As a provider of a SaaS product, we offer Marketing Hub directly on our website.

Marketers can sign up for Marketing Hub by creating an account directly on our platform. We’ve created a convenient sign-up page for free subscriptions — or they can request a demo from our friendly sales team.

4. The Fourth P of Marketing: Promotion

Promotion is the bread and butter of marketing. This is when you’ll think about how to publicize and advertise your product.

Additionally, you’ll discuss brand messaging, brand awareness, and lead generation strategies.

When it comes to promotion, keeping communication in mind is of the utmost importance. What messages will resonate with your target market? How can you best promote your product to them?
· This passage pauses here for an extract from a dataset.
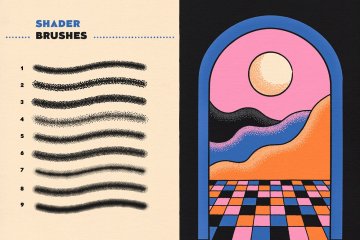 准备好使用27 种 Illustrator 画笔集合来绘制您最怀旧的插图。在他们的帮助下,您可以轻松地为形状添加纹理和情绪,并将常规物体转化为焦点元素,以吸引社区的赞赏。共有 9 种画笔类型,每种画笔都有三种风格:描边画笔、点画画笔和着色器画笔,可将复古折衷主义完美地融入您的插图、海报、徽标、社论、广告等等!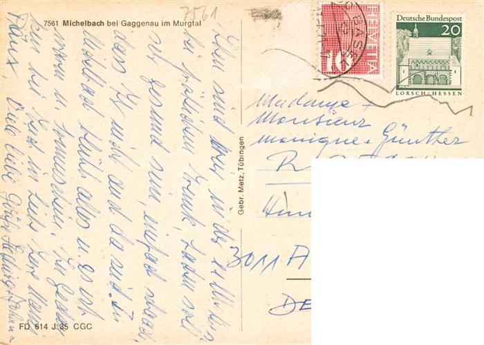 73902652 alte Postkarte Michelbach Gaggenau Strassenpartie Panorama Schwimmbad Pavillon postalisch gelaufen Erhaltung siehe scans [FriedD77] KatCode: 11110008216015

Think about where, when, and how you’ll promote your brand.

Promotion Example

We want to be where marketers are. Most importantly, we want to help them grow in their careers — as well as grow their businesses.

Our inbound marketing strategy will focus primarily on organic acquisition. We’ll promote Marketing Hub over the following channels:

The 4 Ps of Marketing Examples: Apple and e.l.f. Cosmetics

Let’s break down the 4 Ps of marketing for Apple and e.l.f. Cosmetics.

Apple

The 4 Ps of Marketing: Apple example

(Image Source)

  • Product: iPhones, Macs, iPads, Apple Watch, AirPods, Software, and Services (i.e., Apple Music, Apple TV, iTunes, etc.).
  • Price: Apple products are often priced at the higher end of the market. The brand commands premium pricing due to its reputation for innovation, quality, and design.
  • Place: Consumers can purchase products online and in retail stores. Apple products are sold worldwide and have a significant global market presence.
  • Promotion: Apple places a strong emphasis on cultivating a dedicated and loyal consumer base. Their marketing campaigns reinforce the idea of being part of an “Apple ecosystem.” Once users buy one product — like an iPhone – they’re more likely to choose other Apple products like MacBooks, iPads, Apple Watches, and more. This ecosystem fosters a deep brand loyalty. This sense of loyalty is evident in their product launches, which are a must-see event in the tech industry.

e.l.f. Cosmetics

The 4 Ps of Marketing: elf cosmetics example

(Image Source)

  • Product: e.l.f. offers a comprehensive range of makeup and skincare products, brushes, and beauty tools.
  • Price: One of e.l.f.’s main value propositions is its affordability. Many of their products have a low price point, making the brand accessible to a wide range of consumers. Its lower price point sets it apart from other brands in the beauty space.
  • Place: e.l.f. products are widely available in drugstores and big-box retailers like Target and Walmart. It also has a a strong online presence, selling products directly through their website and other online retailers.
  • Promotion: As a challenger brand in the beauty space, e.l.f. seeks to establish itself as a recognizable and reliable option at the drugstore and beyond. The brand is proactive across social media, including TikTok, Instagram, and YouTube, to engage with younger demographics. In addition, their campaigns often involve user-generated content to foster a sense of community with their audience. 

Back to You

Even though marketing has changed since the four Ps were developed, the foundational elements of the industry haven’t. You can apply the concepts of the marketing mix to create winning marketing strategies that help you profitably launch and promote your company’s products.